Photographer Lieve Blancquaert ( in her own intense and very personal way portrays six persons with dystonia. ‘1/125’ refers to the shutter speed she used to slide in between the strange and often uncontrolled movements her models made to catch a glimpse of the person behind the dystonia. A search that proved difficult at times… perfectly illustrating the impact the affliction has on their everyday lives. 


  • Annick

    • My life was cut into two parts: ‘before’ and ‘after’ dystonia. Before my dystonia I helped dozens of people in the pharmacy every day …

    • Now I’ve been housebound for more than a year and hardly see anyone at all. Precious few people understand dystonia.

    • Many friends, acquaintances and family believe I just suffer from stress. According to them a ‘decent massage’ would release the tension in my neck, shoulders and face in no time. And sadly, a lot of people think that way.
      If only it were that simple…

    • Yet dystonia has brought my family closer together. We are knit even tighter than before. I now realize just how amazing my sweet husband and my darling daughters are.


    Annick is a pharmacist and mother of three daughters. A year and a half ago she was diagnosed with dystonia.

  • Greet

    • Dystonia is a painful, incapacitating handicap, but also a social burden. Due to the strange poses and movements people tend to think you are intellectually challenged as well.

    • Dystonia destroys the body to such an extent that even though it’s said to not be fatal you die of it in the end.
      And above all…

    • Dystonia isn’t exactly sexy.


    Greet was a dynamic and energetic entrepreneur. For years, she travelled to Tokyo, Paris and New York building her business. Dystonia made her ‘dependent’. Now, even leaving the house requires help and preparation. 

  • Ante

    • When Ante sees the photographs, he’s over the moon. Some photos he thinks are wonderful, expressing his preference with grand gestures.

    • How he spends the day? … 
      With his best friends in class and the group in which he lives.

    • He communicates via his computer, scrolling the cursor from left to right on his screen using one knee and selecting items with the other. The speech computer then says what he means.

    • Despite his limitations, Ante has a delightful sense of humour. Who his carer is today? The computer announces ‘miss funnypenny’! Ante laughs out loud as he says it.

    • He also wants you to know what his favourite food is: chocolate milk, cheese croquettes and rolled-up sole fillets… That Ante has taste!

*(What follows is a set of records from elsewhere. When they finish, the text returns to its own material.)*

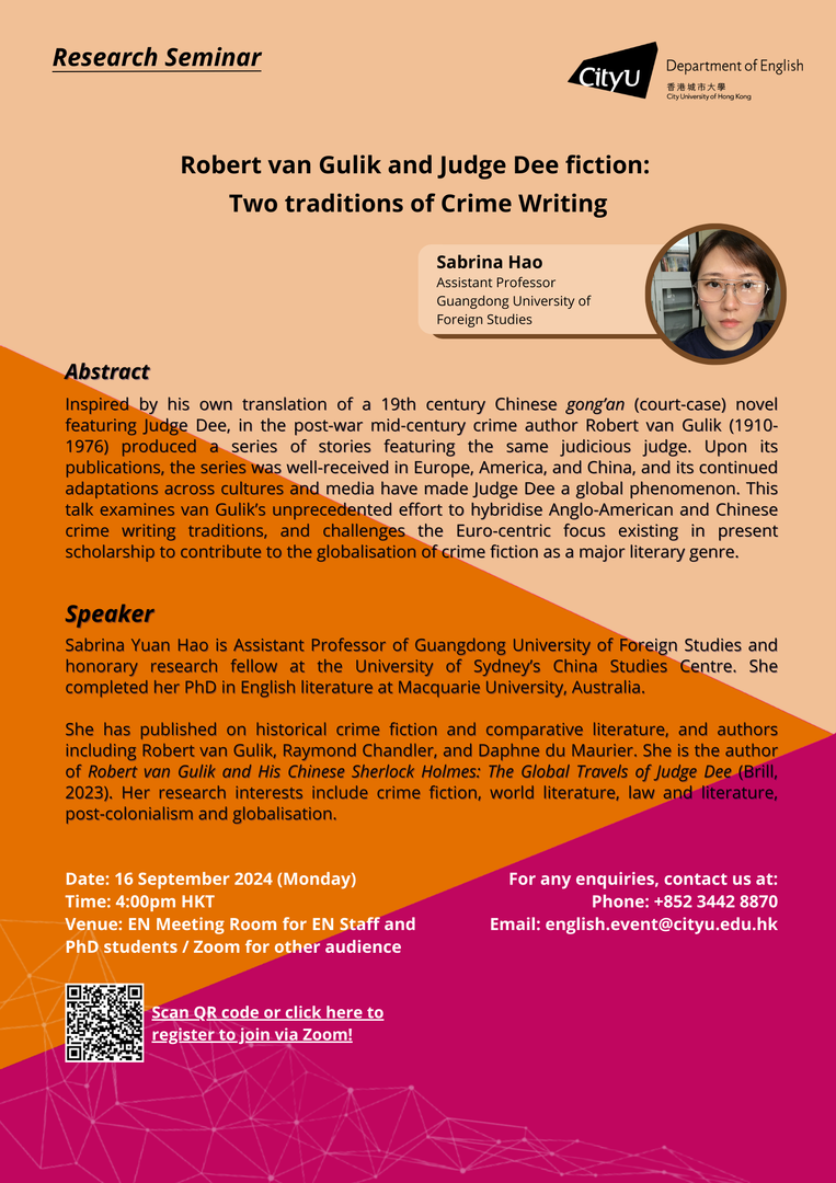Join us for EN Monday Research Seminar by Sabrina Hao of Guangdong University of Foreign Studies on 16 September 2024 at 4pm via Zoom. To register, please click here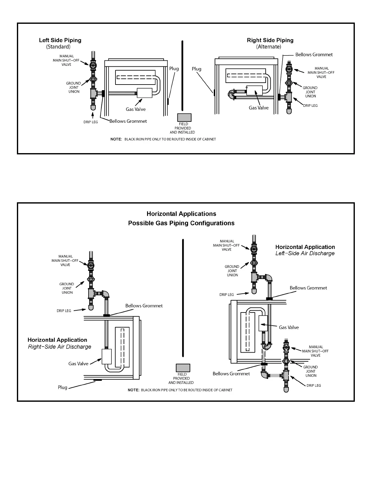 Allied A95UH1E - Horizontal Applications Possible Gas Piping Configurations; Left Side Piping (Standard); Right Side Piping (Alternate)
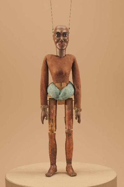 - NOTIZIE STORICO CRITICHE I piedi scolpiti e dipinti e le gambe dipinte significa che la marionetta era usata senza calzature e indumenti che le coprissero le gambe. O che le gambe sono state recuperate da una marionetta che agiva nuda negli arti inferiori. Spilli ricurvi ai lobi delle orecchie per appendere eventuali orecchini. Il busto è composto da due metà incollate. L'incastro del ginocchio è stato rifatto con tasselli di legno innestati e inchiodati.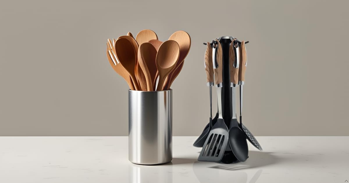 Home Cooking Utensil Sets 6‑Piece Kitchen Utensil Set with Rotating Stainless Steel Stand – Nonstick Cooking Tools with Ergonomic Wood Handles – Space‑Saving, Heat‑Resistant, Stylish Gift for Home Cooks
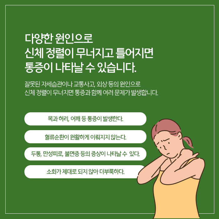 담당 의료진이 손이나 신체, 소도구를 활용해 환자분 신체를 밀고 당기는 자극으로 정렬을 바르게 하여 척추의 부담을 줄이고 통증을 완화하는 한방치료입니다. 혈류순환을 촉진해 디스크 부기를 줄이며 기능 회복을 돕는 추나요법은 디스크 증상과 문제가 되는 정확한 부분에 적당한 자극이 전해져야 하므로 의료진의 정밀한 기술과 해부학적 지식이 요구됩니다.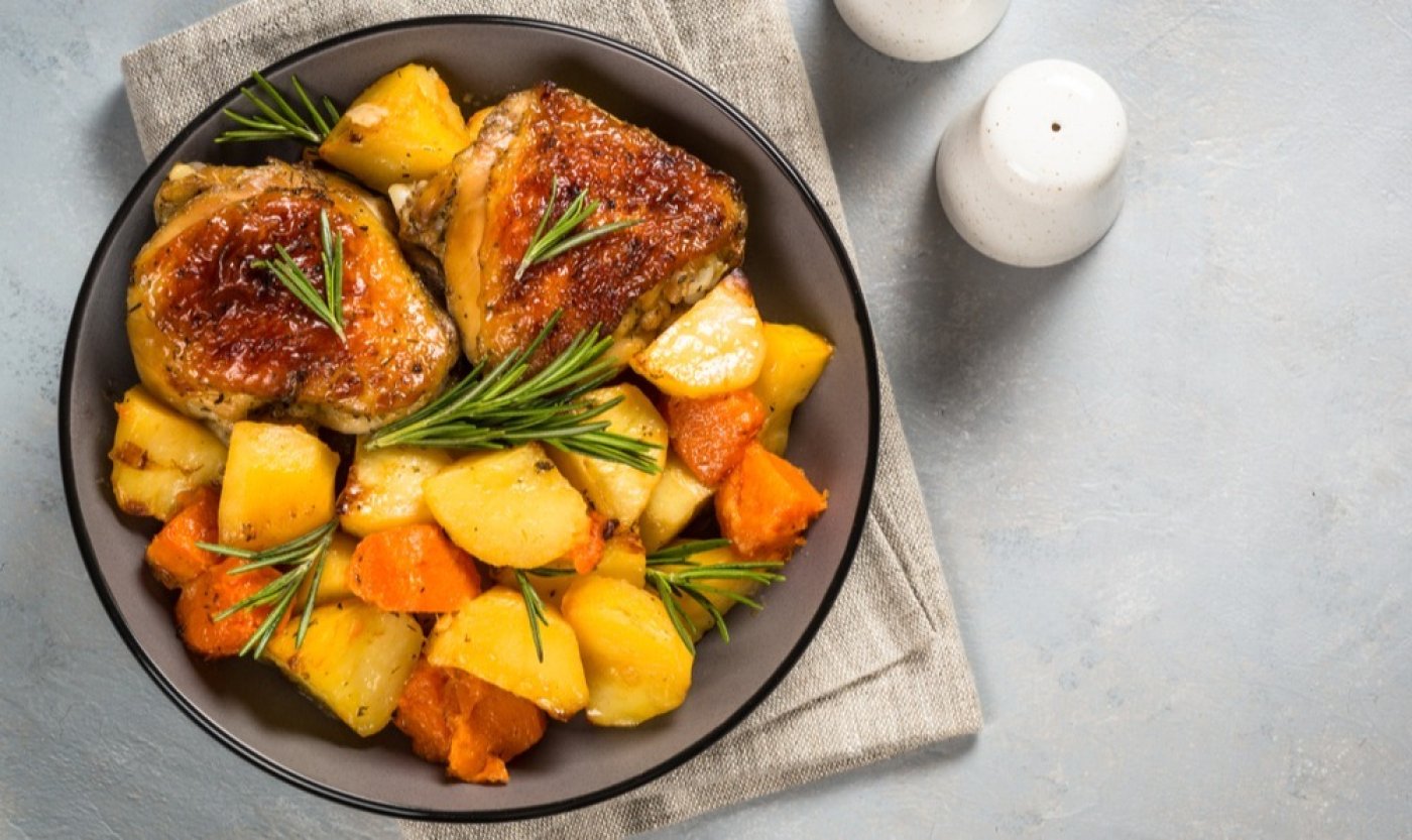 Křupavá kuřecí kůžička, šťavnaté maso a podzimní chuť dýně s bramborami, vše v jednom pekáči zalité voňavou omáčkou. Tento recept vás nejen zahřeje, ale i potěší svým barevným a jednoduchým vzhledem, který působí slavnostně. Ideální na rodinný oběd nebo víkendovou večeři, když si chcete dopřát gurmánský zážitek bez dlouhého vaření.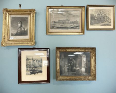 A 19th century monochrome print depicting a military soldier, in ornate frame, 25 cm x 31.5 cm, together with four further antique and later monochrome prints. (5)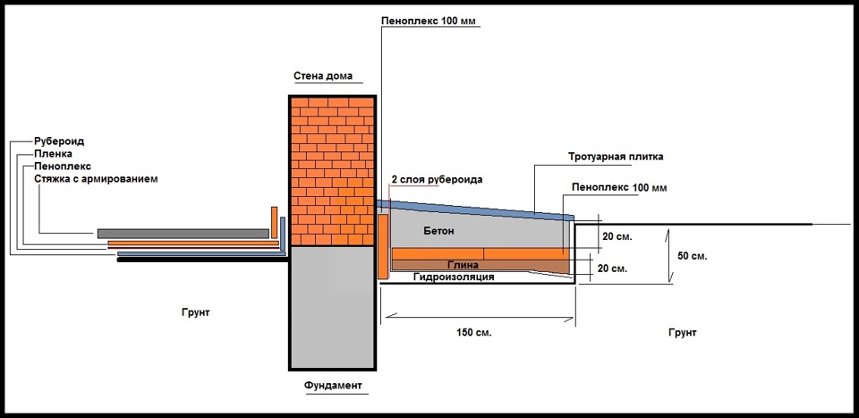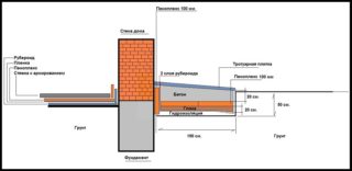 Cette conception est nécessaire pour protéger le ruban de fondation du contact avec l'humidité. Avec une installation correcte de la zone aveugle, les précipitations et l'eau de fonte ne pénètreront pas dans les interstices de la tranchée remplie. La structure elle-même est une coulée de béton adjacente à la paroi extérieure de la fondation ou du socle. La largeur de la zone aveugle peut atteindre 0,6 m et dépasser légèrement celle de la partie saillante de la toiture. Le coffrage se compose de planches placées verticalement. Entre eux et le mur, un treillis de renfort est disposé pour augmenter la résistance et éviter les fissures. Le sol est recouvert de géotextiles.

    Ante has been going to the Medical-Pedagogical Institute Sint-Lodewijk since age 3. He is now 15. He cannot speak, sit still, walk or stand, either, but he can communicate and is mobile, thanks to his speech computer and his electric wheelchair. 

  • Madina

    • Six years ago Madina arrived at the Medical-Pedagogical Institute Sint-Lodewijk. Before that, she lived in Chechnya where she received neither education nor medical treatment. 

    • She picked up Dutch in no time and learned to drive her electric wheelchair in less than 2 weeks.
      No lack of motivation and perseverance, then!

    • Today, she attends the second year of secondary school, doing well at math and excelling in her favourite subject: cooking. The other subjects don’t interest her as much.

    • Madina cannot speak or write. She communicates by means of a letter card. That way, she can express herself extremely fast and correctly.

    • She also voices her opinion clearly.  And like any other teenager, Madina has a PC. She loves Facebook and chats with her friends daily.

    • Her great passion? Shopping… just like other girls her age. Buying clothes and shoes. Or going to Carrefour. Together with her mother, since Madina is her interpreter. Her mother’s Dutch still isn’t that good.


    Madina, 16 years old, especially loves the photos in which she’s sitting up straight with her sparkling eyes wide open. Photos as beautiful as that don’t come along often, she says. Usually her eyes are closed and sitting up straight without help doesn’t happen all that often either.

  • Christel and Ronny

    • I am more than my neck, says Christel. I want people to look at me and see a vibrant person who loves life. Ronny agrees wholeheartedly: People should see beyond the dystonia and discover the person behind it.

    • I hope scientific research will manage to improve the quality of life for persons with dystonia.

    • In addition, I hope researchers and doctors will one day be able to discover the cause of my dystonia. And even more importantly: how I passed it on to my daughter, because that sometimes troubles me.

    • Dystonia has matured me, which is probably why I have a lot of friends who are older. Whenever they ask me for advice or talk to me about their problems, it sort of surprises me.
      But I like it, too.

    Christel and Ronny

    Ronny got dystonia at the age of 32. With his PhD in chemistry he built a career in the security department of BASF Antwerp. His passion? Discussing with people and convincing them of the importance of a safe work environment and work process. His daughter Christel was 18 when she was diagnosed with the same affliction. A few months ago, she started working as an assistant-pharmacist. And she has a passion, too: she sings in a choir. Not classical or church music though: rock and pop.